Ссылки для упрощенного доступа

Полицейский эксперимент. Елизавета Александрова-Зорина – о насилии


Стэнфордский тюремный эксперимент Филипа Зимбардо за неполную неделю превратил обычных людей в садистов и мазохистов. Добровольных участников случайным образом разделили на группы “тюремщиков” и “заключённых” и поместили в экспериментальную “тюрьму”. Уже через несколько дней у “тюремщиков” развились садистские наклонности, а у “заключённых”, подвергнутых издевательствам, начались нервные срывы.
В “тюремном эксперименте” участвовали 24 человека. В полицейском эксперименте, который проводится в России, участвуют сто сорок миллионов.

Государству, как известно, принадлежит монополия на насилие. И ни для кого не стало неожиданностью, что в Кремле, по всей вероятности, отдали приказ жёстко подавлять протесты, не скупясь на избиения, пытки и аресты. При этом многих удивила жестокость полицейских и росгвардейцев. Вроде как обычные ребята, “такие, как мы”, что с ними не так? На митингах некоторые даже кричали: “Полиция с народом!”, что звучало, прямо скажем, неуместно в тот момент, когда эта полиция лупила граждан дубинками.

“Как они смотрят в зеркало?”, “Как они после этого спят?”, “Как возвращаются домой, к женам и детям?”, “Туда что, отобрали одних садистов?” На самом деле спокойно они смотрят в зеркало и в глаза своим детям, и спят они прекрасно. И самое удивительное: нет, они не садисты. Они действительно обычные ребята, такие, как мы.

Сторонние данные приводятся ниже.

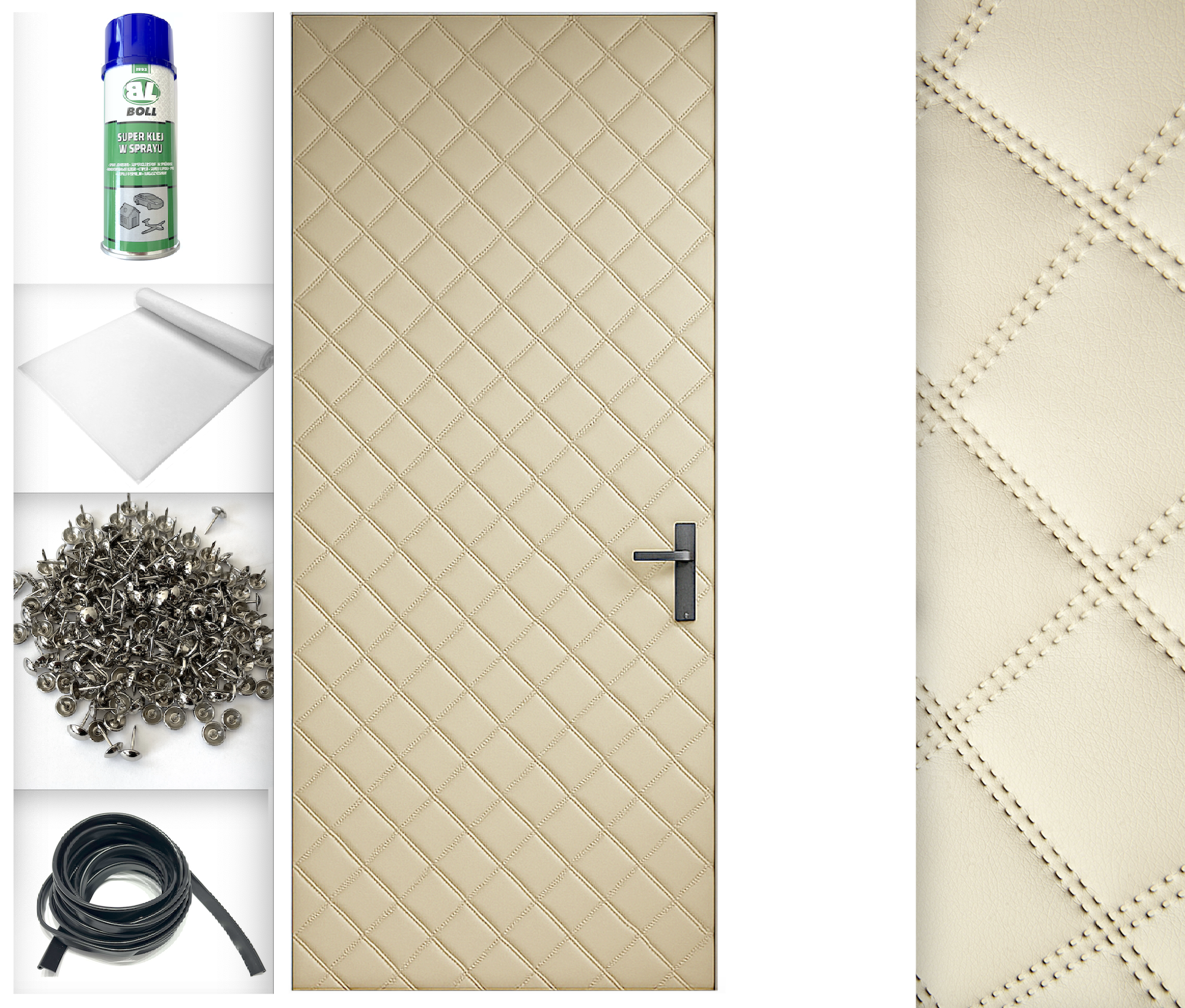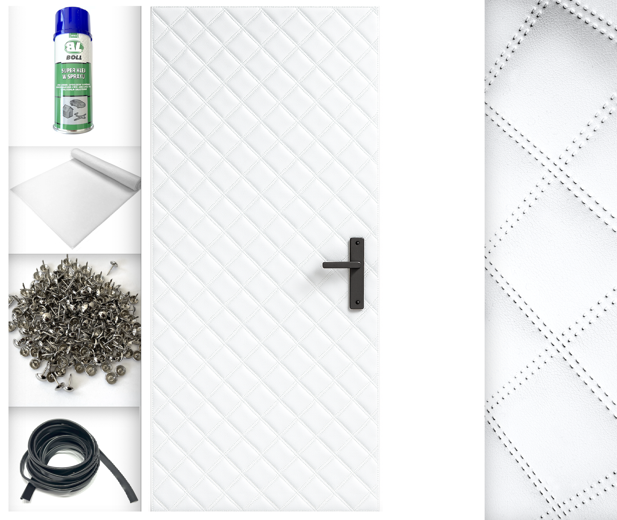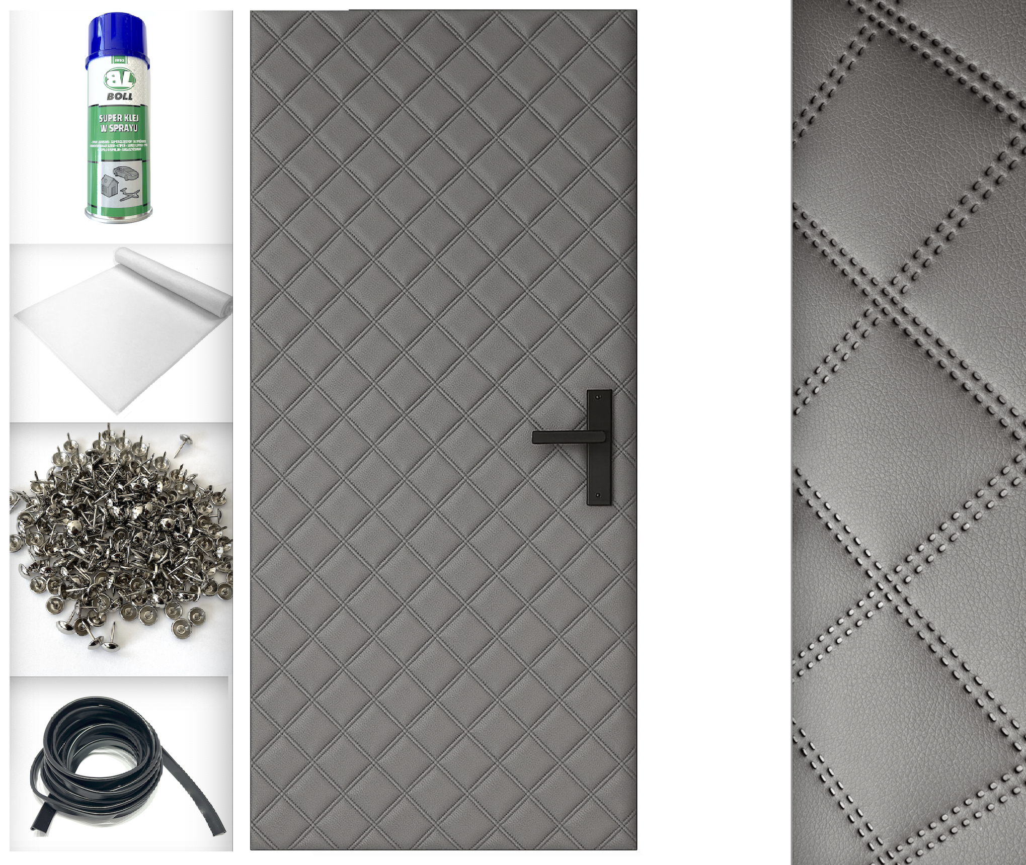 18kpl 115x215 TAPICERKA DRZWIOWA + AKCESORIA kpl do montażu Obicie na drzwi Super efekt wizualny Ocieplenie Uszczelnienie Wygłuszenie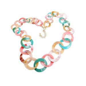 Tigerstars Multi Color Celluloid Acetate Chunky Link Long Necklace
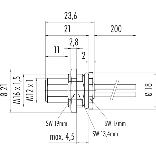 M12-S Male connector, poles 3+PE, unshielded, single wires, IP68, UL, VDE, M16x1.5, front fastened

Это-то и страшнее всего.

Как-то в ОВД "Северное Измайлово" мы спорили с полицейскими о политике, войне в Донбассе и рассказывали друг другу политические анекдоты. Было очень душевно. Вот только буквально за час до этого те же самые полицейские долго держали нас в закрытом автозаке с включённым мотором, и мы надышались выхлопными газами так, что у всех разболелись головы. Когда полицейские наконец-то открыли дверь и выпустили нас, то смеялись: “Ну, как самочувствие?” А потом – да, шутки, анекдоты, политические дискуссии.

В ОВД "Сокольники" нам разрешили заказать пиццу, выпускали покурить и размяться во дворе. Не стали держать в дежурной части или запирать в тесной комнате, так что мы разбрелись по всему этажу. Эти же милые люди сочиняли нам протоколы:

– И что писать? Кричал что-нибудь про Путина?

– А что? “Путин – вор"?

– Тссссс! Ты что!

– А что? “Путина нет?” Ну, как “Бога нет”. Богохульство типа.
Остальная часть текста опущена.